Your problem is that you have too big of a heart. You love giving second chances and when they screw that chance up as well, you just can't help yourself from giving them a third, a fourth, or a fifth. Far too easily you are swept up in this cycle of forgiving and forgetting, only to have it blow up in your face time and time again.

You know better.

How many times have you sworn you wouldn't help them again, that it was the last time you'd speak to them, only to snatch up your phone the second you see their name pop up across the screen? How often have you cried over someone who only wanted to be a part of your life when they needed something from you?

Stop giving your all to people that don't care.
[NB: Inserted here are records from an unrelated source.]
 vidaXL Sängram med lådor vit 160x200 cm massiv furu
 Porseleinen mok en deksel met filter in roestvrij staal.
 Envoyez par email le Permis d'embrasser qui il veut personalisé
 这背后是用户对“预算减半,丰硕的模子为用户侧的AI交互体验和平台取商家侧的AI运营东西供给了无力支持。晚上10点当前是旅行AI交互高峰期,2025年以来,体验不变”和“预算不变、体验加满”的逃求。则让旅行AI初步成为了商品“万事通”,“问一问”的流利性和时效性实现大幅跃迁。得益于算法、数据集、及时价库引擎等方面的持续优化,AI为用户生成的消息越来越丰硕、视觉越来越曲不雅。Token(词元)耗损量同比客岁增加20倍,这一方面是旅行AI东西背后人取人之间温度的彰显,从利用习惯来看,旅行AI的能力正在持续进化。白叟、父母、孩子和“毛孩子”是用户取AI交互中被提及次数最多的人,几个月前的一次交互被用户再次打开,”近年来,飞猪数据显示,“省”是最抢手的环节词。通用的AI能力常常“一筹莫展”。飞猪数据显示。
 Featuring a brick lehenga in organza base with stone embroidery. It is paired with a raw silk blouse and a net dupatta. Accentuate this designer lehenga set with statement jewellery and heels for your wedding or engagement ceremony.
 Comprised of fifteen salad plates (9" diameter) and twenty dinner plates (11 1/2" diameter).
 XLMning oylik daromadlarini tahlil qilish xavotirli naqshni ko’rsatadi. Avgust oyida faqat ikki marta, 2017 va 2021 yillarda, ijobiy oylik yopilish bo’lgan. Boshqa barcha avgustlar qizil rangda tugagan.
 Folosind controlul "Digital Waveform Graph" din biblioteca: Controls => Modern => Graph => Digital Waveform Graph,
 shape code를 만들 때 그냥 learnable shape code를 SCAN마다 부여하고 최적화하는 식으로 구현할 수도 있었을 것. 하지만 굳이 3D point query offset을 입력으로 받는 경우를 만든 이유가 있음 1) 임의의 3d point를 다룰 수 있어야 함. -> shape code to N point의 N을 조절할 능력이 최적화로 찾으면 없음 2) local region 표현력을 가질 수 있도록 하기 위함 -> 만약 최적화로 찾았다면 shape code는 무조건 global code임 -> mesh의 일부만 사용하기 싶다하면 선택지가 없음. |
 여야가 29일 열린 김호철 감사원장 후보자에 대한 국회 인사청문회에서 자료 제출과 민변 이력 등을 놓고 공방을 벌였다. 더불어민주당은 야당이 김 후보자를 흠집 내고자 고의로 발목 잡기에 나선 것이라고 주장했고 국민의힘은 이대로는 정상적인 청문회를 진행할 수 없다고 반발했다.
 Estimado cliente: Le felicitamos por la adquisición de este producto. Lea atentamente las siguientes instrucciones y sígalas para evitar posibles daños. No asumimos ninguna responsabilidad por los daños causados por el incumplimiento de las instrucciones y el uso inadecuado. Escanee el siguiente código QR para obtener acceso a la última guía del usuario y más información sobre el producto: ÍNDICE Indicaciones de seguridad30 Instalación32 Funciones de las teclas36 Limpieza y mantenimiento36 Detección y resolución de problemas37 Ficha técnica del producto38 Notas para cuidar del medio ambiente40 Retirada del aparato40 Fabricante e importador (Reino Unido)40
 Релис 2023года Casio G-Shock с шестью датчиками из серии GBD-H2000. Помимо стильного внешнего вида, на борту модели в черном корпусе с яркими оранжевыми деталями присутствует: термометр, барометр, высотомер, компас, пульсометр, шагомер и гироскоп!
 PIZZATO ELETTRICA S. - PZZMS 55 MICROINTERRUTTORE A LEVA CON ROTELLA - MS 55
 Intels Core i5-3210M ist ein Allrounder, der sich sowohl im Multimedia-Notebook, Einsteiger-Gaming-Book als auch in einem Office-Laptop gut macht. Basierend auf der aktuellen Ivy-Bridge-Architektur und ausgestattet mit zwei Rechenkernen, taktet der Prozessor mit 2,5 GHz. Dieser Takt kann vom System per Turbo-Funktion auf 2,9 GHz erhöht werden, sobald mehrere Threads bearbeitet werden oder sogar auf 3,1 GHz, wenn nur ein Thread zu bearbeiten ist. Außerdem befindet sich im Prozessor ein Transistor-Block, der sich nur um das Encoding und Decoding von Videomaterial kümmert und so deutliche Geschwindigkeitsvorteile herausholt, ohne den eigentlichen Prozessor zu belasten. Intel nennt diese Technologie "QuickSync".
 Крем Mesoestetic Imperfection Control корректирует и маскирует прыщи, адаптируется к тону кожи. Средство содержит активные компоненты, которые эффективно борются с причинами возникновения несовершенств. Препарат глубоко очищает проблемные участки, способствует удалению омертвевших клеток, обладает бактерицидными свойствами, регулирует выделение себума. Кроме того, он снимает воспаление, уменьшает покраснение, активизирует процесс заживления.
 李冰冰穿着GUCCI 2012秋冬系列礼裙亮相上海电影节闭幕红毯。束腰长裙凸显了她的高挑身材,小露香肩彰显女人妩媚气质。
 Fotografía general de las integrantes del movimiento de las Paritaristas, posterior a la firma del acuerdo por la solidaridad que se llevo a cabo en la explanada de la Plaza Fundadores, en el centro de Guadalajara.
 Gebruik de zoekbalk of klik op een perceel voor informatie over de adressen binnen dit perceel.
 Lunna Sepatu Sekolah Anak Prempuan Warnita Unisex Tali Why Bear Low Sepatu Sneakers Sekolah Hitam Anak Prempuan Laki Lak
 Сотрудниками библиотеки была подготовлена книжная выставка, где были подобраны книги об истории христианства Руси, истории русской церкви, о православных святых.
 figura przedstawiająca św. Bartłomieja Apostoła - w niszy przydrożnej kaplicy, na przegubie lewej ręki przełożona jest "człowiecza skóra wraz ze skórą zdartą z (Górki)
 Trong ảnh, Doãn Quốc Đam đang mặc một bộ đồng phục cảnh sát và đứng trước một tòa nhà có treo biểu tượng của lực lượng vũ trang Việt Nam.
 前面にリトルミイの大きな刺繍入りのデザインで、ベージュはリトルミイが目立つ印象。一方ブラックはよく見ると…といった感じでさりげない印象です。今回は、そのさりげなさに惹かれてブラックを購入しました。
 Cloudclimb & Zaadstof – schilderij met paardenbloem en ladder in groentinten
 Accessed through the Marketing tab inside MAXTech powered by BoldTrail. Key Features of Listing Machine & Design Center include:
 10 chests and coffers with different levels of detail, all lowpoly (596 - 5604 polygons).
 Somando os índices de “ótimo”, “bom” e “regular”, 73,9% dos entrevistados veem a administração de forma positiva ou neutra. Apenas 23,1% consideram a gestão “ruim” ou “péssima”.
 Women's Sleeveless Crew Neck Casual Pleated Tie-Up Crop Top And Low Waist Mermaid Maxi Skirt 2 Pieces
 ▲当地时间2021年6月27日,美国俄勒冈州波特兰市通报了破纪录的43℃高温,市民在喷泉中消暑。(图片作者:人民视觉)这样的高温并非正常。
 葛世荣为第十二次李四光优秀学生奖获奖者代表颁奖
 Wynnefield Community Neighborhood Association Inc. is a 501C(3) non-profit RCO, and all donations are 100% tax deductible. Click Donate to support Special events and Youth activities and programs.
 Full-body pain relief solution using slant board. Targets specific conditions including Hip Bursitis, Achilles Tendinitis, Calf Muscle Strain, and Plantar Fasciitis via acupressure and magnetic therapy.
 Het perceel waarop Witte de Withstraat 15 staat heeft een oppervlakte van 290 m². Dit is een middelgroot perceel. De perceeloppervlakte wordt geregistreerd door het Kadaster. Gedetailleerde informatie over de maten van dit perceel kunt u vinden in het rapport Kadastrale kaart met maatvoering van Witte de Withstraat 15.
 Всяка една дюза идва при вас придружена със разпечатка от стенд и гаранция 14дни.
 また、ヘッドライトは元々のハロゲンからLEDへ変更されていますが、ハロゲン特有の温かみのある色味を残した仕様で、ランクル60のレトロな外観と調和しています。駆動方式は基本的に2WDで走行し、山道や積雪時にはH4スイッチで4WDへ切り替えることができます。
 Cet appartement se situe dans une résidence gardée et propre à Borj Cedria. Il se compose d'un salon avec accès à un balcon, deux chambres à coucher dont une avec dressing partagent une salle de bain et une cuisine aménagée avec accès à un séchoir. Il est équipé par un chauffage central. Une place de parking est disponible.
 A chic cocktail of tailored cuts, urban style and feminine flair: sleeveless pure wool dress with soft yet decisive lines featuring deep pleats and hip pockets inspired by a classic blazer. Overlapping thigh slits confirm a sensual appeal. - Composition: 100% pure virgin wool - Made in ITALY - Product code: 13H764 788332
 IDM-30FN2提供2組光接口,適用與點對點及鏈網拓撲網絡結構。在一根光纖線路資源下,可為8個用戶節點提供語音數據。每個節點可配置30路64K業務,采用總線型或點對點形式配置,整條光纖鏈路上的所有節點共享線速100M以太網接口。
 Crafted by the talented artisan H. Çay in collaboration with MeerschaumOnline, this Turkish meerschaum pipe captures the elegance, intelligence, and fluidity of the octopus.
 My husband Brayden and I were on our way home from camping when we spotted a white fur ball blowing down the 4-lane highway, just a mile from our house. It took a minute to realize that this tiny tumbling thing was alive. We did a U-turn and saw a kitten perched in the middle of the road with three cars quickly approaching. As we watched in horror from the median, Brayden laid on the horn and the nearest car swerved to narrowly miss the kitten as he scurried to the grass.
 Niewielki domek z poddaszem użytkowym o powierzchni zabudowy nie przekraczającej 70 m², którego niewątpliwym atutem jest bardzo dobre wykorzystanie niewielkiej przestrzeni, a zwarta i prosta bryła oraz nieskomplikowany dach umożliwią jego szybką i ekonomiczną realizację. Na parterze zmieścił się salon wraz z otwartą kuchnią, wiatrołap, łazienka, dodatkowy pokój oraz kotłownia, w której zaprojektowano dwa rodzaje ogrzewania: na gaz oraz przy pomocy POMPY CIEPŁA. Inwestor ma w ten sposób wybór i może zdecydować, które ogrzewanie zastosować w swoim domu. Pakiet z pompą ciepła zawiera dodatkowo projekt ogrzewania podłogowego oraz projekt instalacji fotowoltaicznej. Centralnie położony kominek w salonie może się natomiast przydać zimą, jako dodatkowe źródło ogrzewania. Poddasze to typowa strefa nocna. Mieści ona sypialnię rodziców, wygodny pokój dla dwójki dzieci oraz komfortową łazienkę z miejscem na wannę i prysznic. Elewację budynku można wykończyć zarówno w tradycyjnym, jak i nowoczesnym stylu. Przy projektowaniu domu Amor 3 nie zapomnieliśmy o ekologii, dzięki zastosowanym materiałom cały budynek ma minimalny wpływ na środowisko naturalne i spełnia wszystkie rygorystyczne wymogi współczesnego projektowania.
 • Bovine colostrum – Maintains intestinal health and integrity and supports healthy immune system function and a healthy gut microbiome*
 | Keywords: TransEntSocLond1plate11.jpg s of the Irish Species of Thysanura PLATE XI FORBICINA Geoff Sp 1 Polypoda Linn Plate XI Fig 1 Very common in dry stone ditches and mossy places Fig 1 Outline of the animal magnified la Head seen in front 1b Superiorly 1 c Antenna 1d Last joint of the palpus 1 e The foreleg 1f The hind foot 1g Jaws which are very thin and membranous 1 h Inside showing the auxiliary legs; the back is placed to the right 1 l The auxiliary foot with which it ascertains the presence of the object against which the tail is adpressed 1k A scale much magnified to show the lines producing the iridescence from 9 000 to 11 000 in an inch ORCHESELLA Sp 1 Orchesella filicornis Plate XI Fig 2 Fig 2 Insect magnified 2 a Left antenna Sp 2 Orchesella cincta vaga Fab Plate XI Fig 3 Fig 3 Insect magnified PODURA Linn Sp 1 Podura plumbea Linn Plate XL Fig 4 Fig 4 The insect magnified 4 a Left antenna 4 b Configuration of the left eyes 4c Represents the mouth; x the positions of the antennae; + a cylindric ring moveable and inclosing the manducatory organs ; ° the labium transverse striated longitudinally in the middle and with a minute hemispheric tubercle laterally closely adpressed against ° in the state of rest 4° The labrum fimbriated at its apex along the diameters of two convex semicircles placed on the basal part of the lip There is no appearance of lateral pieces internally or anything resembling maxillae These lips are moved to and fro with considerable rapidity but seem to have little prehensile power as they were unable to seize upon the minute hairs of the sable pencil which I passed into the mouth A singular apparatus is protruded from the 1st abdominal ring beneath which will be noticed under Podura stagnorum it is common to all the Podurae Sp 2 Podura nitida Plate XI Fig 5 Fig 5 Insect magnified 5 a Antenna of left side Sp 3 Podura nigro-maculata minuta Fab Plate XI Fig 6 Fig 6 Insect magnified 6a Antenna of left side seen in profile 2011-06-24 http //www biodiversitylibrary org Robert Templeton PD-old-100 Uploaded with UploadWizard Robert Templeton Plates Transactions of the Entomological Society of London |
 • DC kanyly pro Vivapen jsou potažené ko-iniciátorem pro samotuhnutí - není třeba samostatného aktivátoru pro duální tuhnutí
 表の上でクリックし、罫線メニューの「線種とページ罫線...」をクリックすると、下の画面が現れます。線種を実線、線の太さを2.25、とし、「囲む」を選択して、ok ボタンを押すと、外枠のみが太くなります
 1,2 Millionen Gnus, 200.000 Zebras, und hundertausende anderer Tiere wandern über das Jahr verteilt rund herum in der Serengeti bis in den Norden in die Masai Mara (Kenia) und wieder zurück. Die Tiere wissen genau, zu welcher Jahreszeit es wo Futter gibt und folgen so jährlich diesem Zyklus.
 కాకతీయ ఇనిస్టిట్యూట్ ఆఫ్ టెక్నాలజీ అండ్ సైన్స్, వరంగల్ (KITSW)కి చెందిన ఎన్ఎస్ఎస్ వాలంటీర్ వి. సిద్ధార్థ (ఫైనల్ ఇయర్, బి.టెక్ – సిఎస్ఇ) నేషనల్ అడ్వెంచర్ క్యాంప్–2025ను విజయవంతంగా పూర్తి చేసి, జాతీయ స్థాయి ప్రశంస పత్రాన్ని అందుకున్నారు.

Trust me, I know it's easier said than done. It's a difficult habit to break, but once you do you are completely and utterly free from the toxicity. If you're looking for a sign to block that boy who has done nothing but break your heart, or if you were waiting for your cue to finally end that friendship that does nothing but make you feel small, here it is.

Unfortunately, not everyone is going to treat you with the love and respect that you so freely give. Most of the time the people that treat you like crap are just crappy people. It's not your responsibility to save every troubled soul, and you've probably learned by now that not all of them want to be saved.

There's nothing wrong with looking for the good in people, but when they start to drain you of your light you need to have the strength to let them go.

To the girls gifted with hearts too sensitive and ready to burst with compassion, it's OK to cut ties with those who hurt you time and time again. It doesn't mean you've stooped to their level; it doesn't mean you're a bad person. You tried your hardest, but toxic people rarely change their ways. You don't deserve that kind of pain.